LeetCode #739 DailyTempertures. Algorithm,알고리즘,LeetCode,Codefights,CodeSignal,코드파이트,코드시그널,예제,문제해결능력,example,c++,java,재귀,recursive,datastructure,techinterview,coding,코딩인터뷰,기술면접,연결리스트
Terrible performance
Runtime: 1828 ms, faster than 5.04% of C++ online submissions for Daily Temperatures.
Memory Usage: 16.4 MB, less than 33.21% of C++ online submissions for Daily Temperatures.
LeetCode #739
Q.
Given a list of daily temperatures T, return a list such that, for each day in the input, tells you how many days you would have to wait until a warmer temperature. If there is no future day for which this is possible, put 0 instead.

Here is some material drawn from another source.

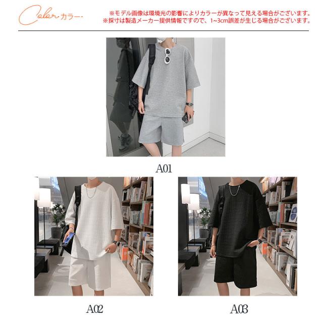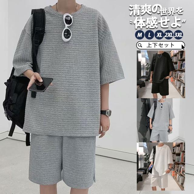 【水曜日まで!10%クーポン配布中】 セットアップ 上下セット メンズ 夏 Tシャツ ショートパンツ ハーフパンツ カジュアル ひんやり 父の日 ルームウェア 部屋着 ゆったり 快適 涼しい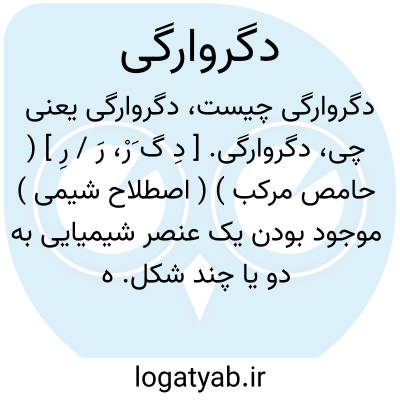 دگروارگی. [ دِ گ َرْ، رَ / رِ ] ( حامص مرکب ) ( اصطلاح شیمی ) موجود بودن یک عنصر شیمیایی به دو یا چند شکل. هر یک از این اشکال را یک ( شکل ) دگروار آن عنصر خوانند. دگروارها در خواص فیزیکی ( مانند رنگ و سختی ) متفاوت اند و در عده یا ترتیب اتمها در مولکول و در فعالیت شیمیایی نیز ممکن است متفاوت باشند ولی در بیشتر خواص شیمیایی دیگر یکسان اند. نمونه بارز دگروارگی در کربون دیده می شود که سه دگروار آن کربون بی شکل، گرافیت و الماس است. ازسایر عناصر شیمیایی که دگروارگی آنها جالب است اکسیژن، فوسفور و گوگرد است. ( از دایرةالمعارف فارسی ).

주어진 매일의 온도 리스트 T 가 있는데, 각 날들이 인풋으로 들어가고, 더 따뜻한 날까지는 며칠을 기다려야 하는지를 반환한다. 해당 날 이후로 더 따뜻한 날이 없으면 0 을 반환한다.
For example, given the list of temperatures
T = [73, 74, 75, 71, 69, 72, 76, 73],
your output should be [1, 1, 4, 2, 1, 1, 0, 0].
Note:
The length of temperatures will be in the range [1, 30000].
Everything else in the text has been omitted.